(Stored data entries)
-- Opening Marker --
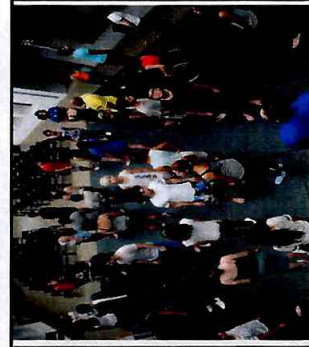
Preparação corporal - CFC Parque Belém
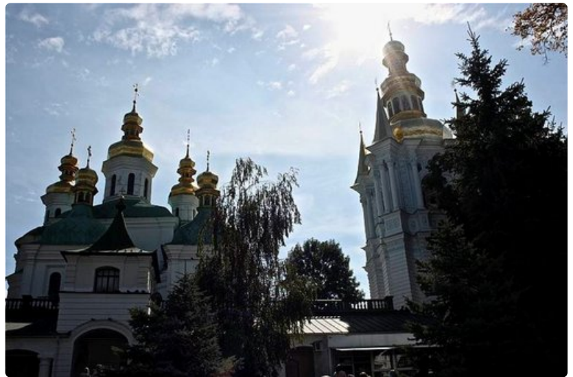
Kirkkoja Pecherska Lavran alueella.
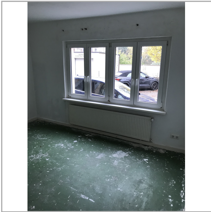
69440.147.1.2 - Schlafzimmer

Zimmer: 2,0 Wohnfläche ca.: 58,00 m 2 Kaltmiete: 399,00 € Gesamtmieta: 591,00 €
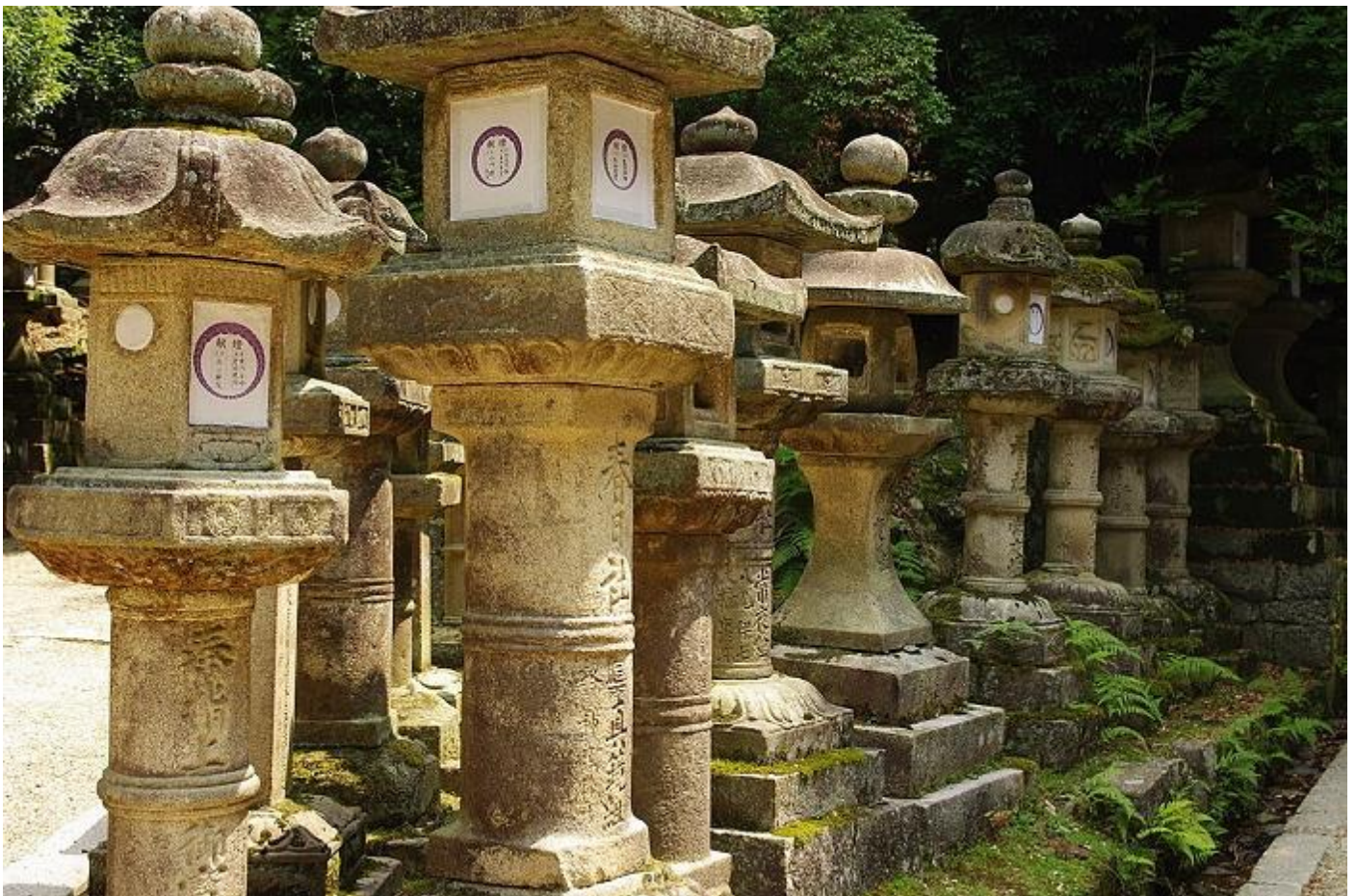
Meer dan 1000 Kasuga Shrine-lantaarns sieren het park

De resultaten van het grootschalige genetische onderzoek toonden aan dat terwijl 18 mitochondriale DNA-genotypes werden gedetecteerd in herten die op het Kii-schiereiland leven, slechts één van deze genotypen werd gedetecteerd in herten die in Nara Park leven, wat niet wordt gevonden in herten die in andere gebieden leven. van het Kii-schiereiland. De genetische differentiatie van de Nara Park-herten van de hertenpopulatie op het Kii-schiereiland vond ongeveer 1400 jaar geleden plaats, wat genetisch dicht bij het jaar 768 ligt, toen de Kasuga Grand Shrine werd gebouwd. De resultaten van dit onderzoek bevestigen dat het Japanse volk de herten in dit gebied al meer dan 1000 jaar beschermt als boodschappers van Takemikazuchi, de belangrijkste godheid van Kasuga Grand Shrine, en dat dit de herten in dit gebied in staat heeft gesteld hun populatie te behouden. van generatie tot generatie.
-- Closing Marker --
## [REQUIREMENT]
The reply should hold the lines from the top of the records through the line containing "Meer dan 1000 Kasuga", reproduced exactly, and no pictures.

## [RESULT OF THIS EXERCISE]
Preparação corporal - CFC Parque Belém
Kirkkoja Pecherska Lavran alueella.
69440.147.1.2 - Schlafzimmer

Zimmer: 2,0 Wohnfläche ca.: 58,00 m 2 Kaltmiete: 399,00 € Gesamtmieta: 591,00 €
Meer dan 1000 Kasuga Shrine-lantaarns sieren het park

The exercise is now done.